This "Started on" business comes from pg_backup_archiver.c, which has
   if (AH->public.verbose)       dumpTimestamp(AH, "Started on", AH->createDate);

where dumpTimestamp is

/** dumpTimestamp*/
static void
dumpTimestamp(ArchiveHandle *AH, const char *msg, time_t tim)
{   char        buf[64];
   if (strftime(buf, sizeof(buf), "%Y-%m-%d %H:%M:%S %z", localtime(&tim)) != 0)       ahprintf(AH, "-- %s %s\n\n",
msg,buf);
 
}

So this seems related to the %z part of the strftime() call.  I have no
explanation for this failure ATM; maybe pg_restore is failing to set the
locale properly?  I also notice pg_restore.c previously included
pg_backup_archiver.h (which in turn includes <time.h>); strftime
requires <time.h> so maybe this is causing a problem, but since
pg_restore.c itself is not calling strftime, I don't see how this would
be related.

[Some more code and git-log reading later]  I see that the %z is a very
recent addition: it only got there as of commit ad5d46a449, of September
5th ... and now I also see that hamerkop's last green run before the
failure, on Oct 13rd, did *not* include the pg_upgrade check.  So I'm
thinking this was broken much earlier than 0eea804.

-- 
Álvaro Herrera                http://www.2ndQuadrant.com/
PostgreSQL Development, 24x7 Support, Training & Services



Re: pg_dump/pg_restore seem broken on hamerkop

From
Tom Lane
Date:
Alvaro Herrera <alvherre@2ndquadrant.com> writes:
> So this seems related to the %z part of the strftime() call.  I have no
> explanation for this failure ATM; maybe pg_restore is failing to set the
> locale properly?  I also notice pg_restore.c previously included
> pg_backup_archiver.h (which in turn includes <time.h>); strftime
> requires <time.h> so maybe this is causing a problem, but since
> pg_restore.c itself is not calling strftime, I don't see how this would
> be related.

Hm.  %z ought not be locale-dependent ... however, it has a bigger
problem, which is that it's a C99-ism.  It's not there in SUSv2,
which is our normal baseline for what's portable.  I think we need
to get rid of that.  %Z should be portable.
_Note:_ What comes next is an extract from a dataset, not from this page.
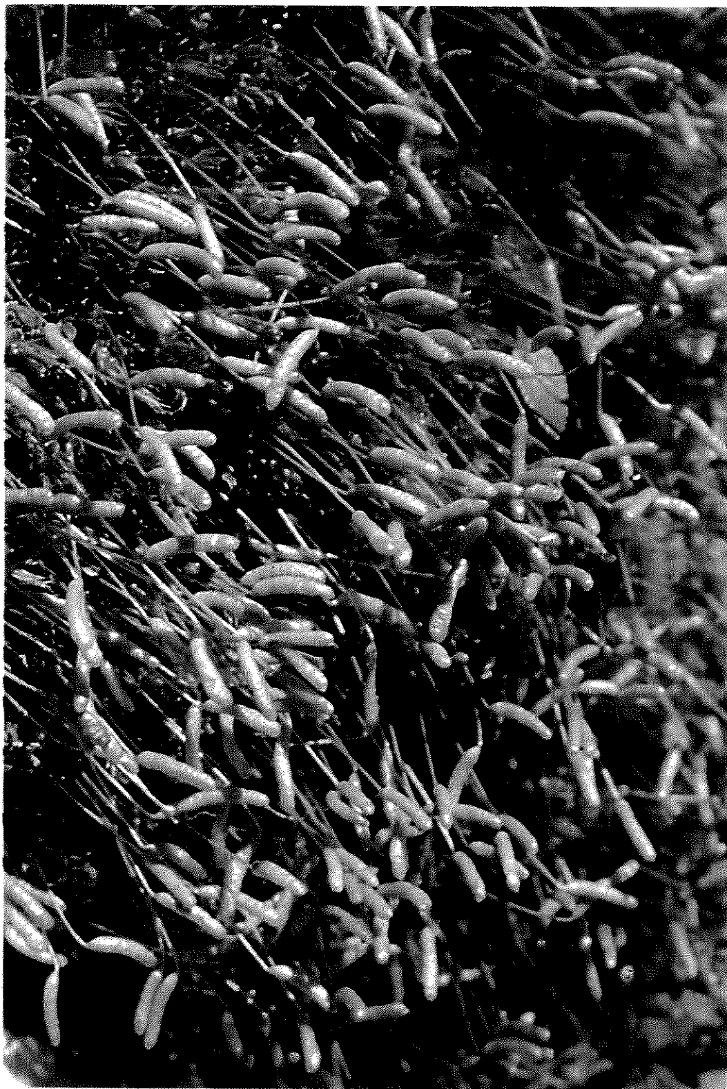
Fig. 6. Leptostomum menziesii R. Br. bis.

(Is it possible that Windows' strftime() reads %z as doing something
other than what C99 says?)

> [Some more code and git-log reading later]  I see that the %z is a very
> recent addition: it only got there as of commit ad5d46a449, of September
> 5th ... and now I also see that hamerkop's last green run before the
> failure, on Oct 13rd, did *not* include the pg_upgrade check.  So I'm
> thinking this was broken much earlier than 0eea804.

Ooohh ... you are right, the first failing build involved not only
the pg_dump refactoring commit, but an upgrade in the buildfarm script
that hamerkop was using (from 4.4 to 4.14).  So it's entirely possible
this issue was already there and we just weren't seeing it tested.
        regards, tom lane



Re: pg_dump/pg_restore seem broken on hamerkop

From
Tom Lane
Date:
I wrote:
> Hm.  %z ought not be locale-dependent ... however, it has a bigger
> problem, which is that it's a C99-ism.  It's not there in SUSv2,
> which is our normal baseline for what's portable.  I think we need
> to get rid of that.  %Z should be portable.

> (Is it possible that Windows' strftime() reads %z as doing something
> other than what C99 says?)

A bit of googling leads me to Microsoft reference material saying that
their strftime treats %z and %Z alike.  So in point of fact, the
assumption underlying commit ad5d46a4494b0b48 was flat out wrong.
Switching to %z doesn't get you out of the problem noted in the
comments it removed:
   /*    * We don't print the timezone on Win32, because the names are long and    * localized, which means they may
containcharacters in various random    * encodings; this has been seen to cause encoding errors when reading the    *
dumpscript.    */
 

I'm going to go revert most of that commit and make the code like it
was before:
   if (strftime(buf, sizeof(buf),
#ifndef WIN32                "%Y-%m-%d %H:%M:%S %Z",
#else                "%Y-%m-%d %H:%M:%S",
#endif                localtime(&now)) != 0)

If somebody wants to have timezones printed on Windows, they can
try again, but they're gonna have to work harder than this.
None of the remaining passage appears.